Gottsuche Die beiden Zeugen Jehovas und ihr Stand mit dem „Wachturm“ neben der Haltestelle, an der ich morgens auf den Bus warte, gehören zum Straßenbild in Chisinau wie die Trolleybusse und das Denkmal von Stefan cel Mare. Bei der Vorbeifahrt an verschiedenen Kirchen bekreuzigt sich jedes Mal ein Teil der Fahrgäste in der orthodoxen Art („rechts vor links“). Auf dem Nachhauseweg passiere ich später im Park die Falun-Gong-Leute, die dort ihr Lager aufgeschlagen haben, weiche unterwegs den beiden adrett gekleideten lächelnden jungen Männern aus Amerika aus, die gerne Passanten zum wahren mormonischen Glauben konvertieren möchten, bleibe kurz am Schaufenster der Buchhandlung stehen, wo mir Osho und der Papst auf Buchdeckeln entgegensehen. Vom Turm der nahegelegenen Kirche schlägt es zur vollen Stunde, als ich zuhause ankomme. Während ich in der Küche Kaffee zubereite, sehe ich vom Fenster aus, dass die Hare-Krishna-Jünger heute fünf Minuten später als üblich singend vorbeiziehen. So viel Suche nach Gott an einem Ort, den dieser offenbar längst verlassen hat. 
© Thomas Hübner and mytwostotinki.com, 2014-8. Unauthorized use and/or duplication of this material without expressed and written permission from this blog’s author and/or owner is strictly prohibited. Excerpts and links may be used, provided that full and clear credit is given to Thomas Hübner and mytwostotinki.com with appropriate and specific direction to the original content.

Moldauisches Heft (1): Bücher und Menschen

Bücher und Menschen

K. und ich sitzen dicht neben dem kleinen altertümlichen Ofen, der auf Hochtouren läuft, aber gerade nur so viel Wärme abgibt, dass man es eben noch so aushalten kann im winterlich kalten Studio des Malers und Dichters D. P. in Chisinau. Uns gegenüber sitzt D., der gerade in einen Katalog eines bulgarischen Malers vertieft ist, den er zu dessen Lebzeiten gekannt hat; zwischen uns ein Tisch auf dem sich Malutensilien, diverse Brillen, Medikamentenschachteln, ein Teller mit Früchten und drei noch halbvolle Gläser mit moldauischem Cognac ein Stelldichein geben. D. strahlt. Der Besuch und das Interesse an seinen Gemälden tun ihm gut und er blüht förmlich auf. Besonders gegenüber der jungen Frau zeigt er sich aufmerksam und charmant und ich wundere mich nicht, dass sehr viele seiner im Studio befindlichen Werke Porträts meist junger Frauen und Mädchen sind. Trotz seiner 74 Jahre flirtet er ein wenig mit K., die es mit gutem Humor aufnimmt. Zur aufgekratzten Stimmung trägt auch bei, dass ich ein Bild gekauft habe, ein stimmungsvolles, schön komponiertes Stillleben mit Früchten und einer Karaffe, welches mir sofort auffiel. D. hat große Probleme mit den Augen und der ausgemachte Kaufpreis hilft, die notwendige Operation zu bezahlen.
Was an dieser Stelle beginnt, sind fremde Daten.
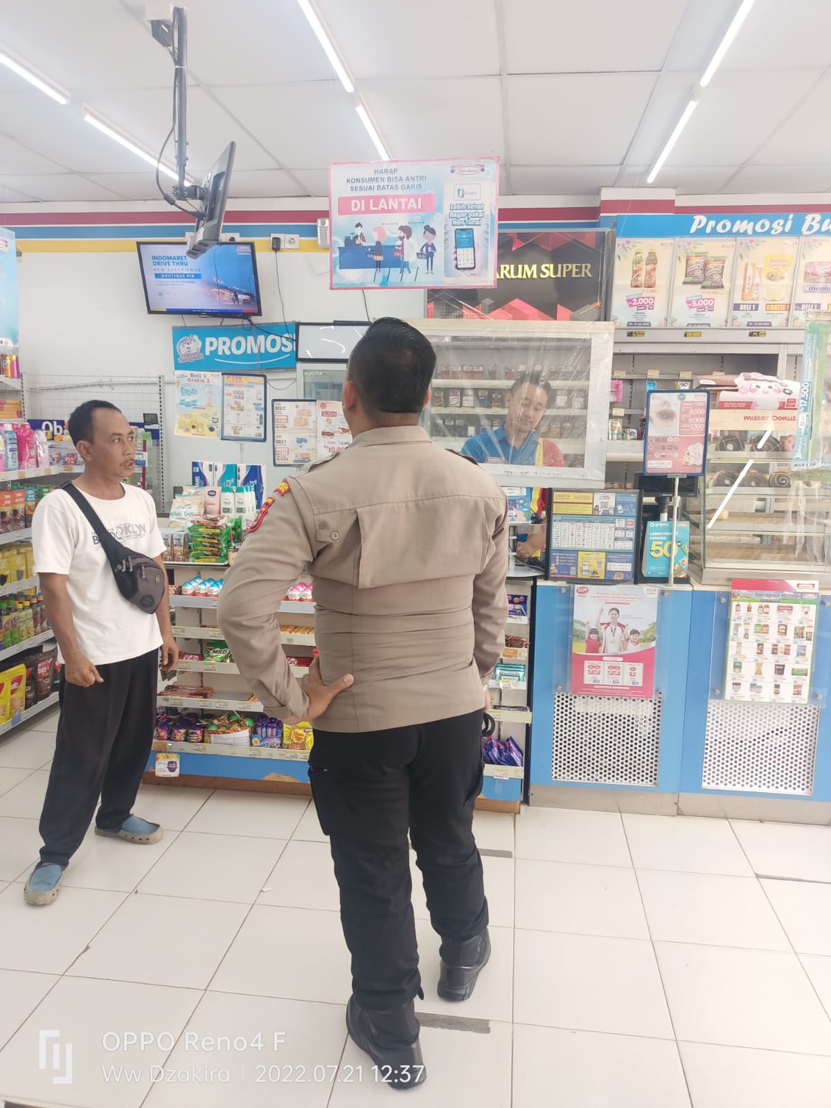 POLRESTA SERKOT| Personil Polsek Pabuaran Polresta Serkot Polda Banten Bripka M. Agus Tomi bersama Anggota melaksanakan Patroli dialogis dengan mendatangi Alfamart maupun indomart pastikan aman memberikan himbauan Kamtibmas serta mengingatkan kembali himbauan dan edukasi protokol kesehatan kepada pelayan untuk selalu menerapkan 5 M Protokol Kesehatan.Kamis,(21/07/2022)

– ‚Ich komme aus einer Familie, in der es Bücher gab und in der gelesen wurde‘, sagt D. nachdem er den Katalog zur Seite gelegt hat. – ‚Das war ganz und gar nicht alltäglich in unserem Dorf im Budzhak, dem heute zur Ukraine gehörenden Teil Bessarabiens. Die Liebe zur bulgarischen Sprache habe ich von meiner Mutter, das Verständnis für den Reichtum der Muttersprache und dafür, dass Sprache mehr sein kann als nur ein bloßes Verständigungsmittel; das Wissen, dass man wirklich in der Sprache wohnen und zuhause sein kann habe ich von ihr. Die Liebe zu und der Respekt vor Büchern kommt dagegen vom Vater und Großvater. Zu Anfang des letzten Jahrhunderts hat Großvater angefangen, eine private Bibliothek zusammenzutragen. Darin gab es Bücher in verschiedenen Sprachen, Bulgarisch, Russisch, Rumänisch…viele davon müssen teuer gewesen sein; es waren aufwendig gedruckte und gebundene Bände darunter, viele mit Illustrationen. Er liebte besonders Werke zu religiösen Themen. Auch mein Vater kaufte später Bücher für diese private Bibliothek. Als dann die Rumänen kamen, füllte er eine große hölzerne Truhe mit Büchern in russischer Sprache, die er dann irgendwo vergrub. Wer russische Bücher im Haus hatte, galt den Rumänen als gefährlich, als Verräter, und hatte mit schweren Konsequenzen zu rechnen; mancher verlor sein Leben wegen ein paar russischer Erbauungsbücher im Haus. Später kamen dann die Russen zurück, und wieder wurde eine große hölzerne Truhe gefüllt, diesmal mit Büchern in rumänischer Sprache. Nun wurde nämlich jeder mit rumänischen Büchern im Haus als Verräter angesehen und schwer bestraft, in die Verbannung geschickt oder erschossen. Niemand weiß heute mehr, wo die Truhen vergraben sind; vielleicht hat jemand sein Haus dort gebaut, wo sie liegen, nicht ahnend, was für ein Schatz und was für eine Geschichte dort verborgen ist.‘

Über das Buchenland, die Bukowina, und seine Hauptstadt Czernowitz sagte Paul Celan, dass dort einst Bücher und Menschen lebten; doch dasselbe gilt wohl auch für das benachbarte, am gleichen Meridian gelegene Bessarabien.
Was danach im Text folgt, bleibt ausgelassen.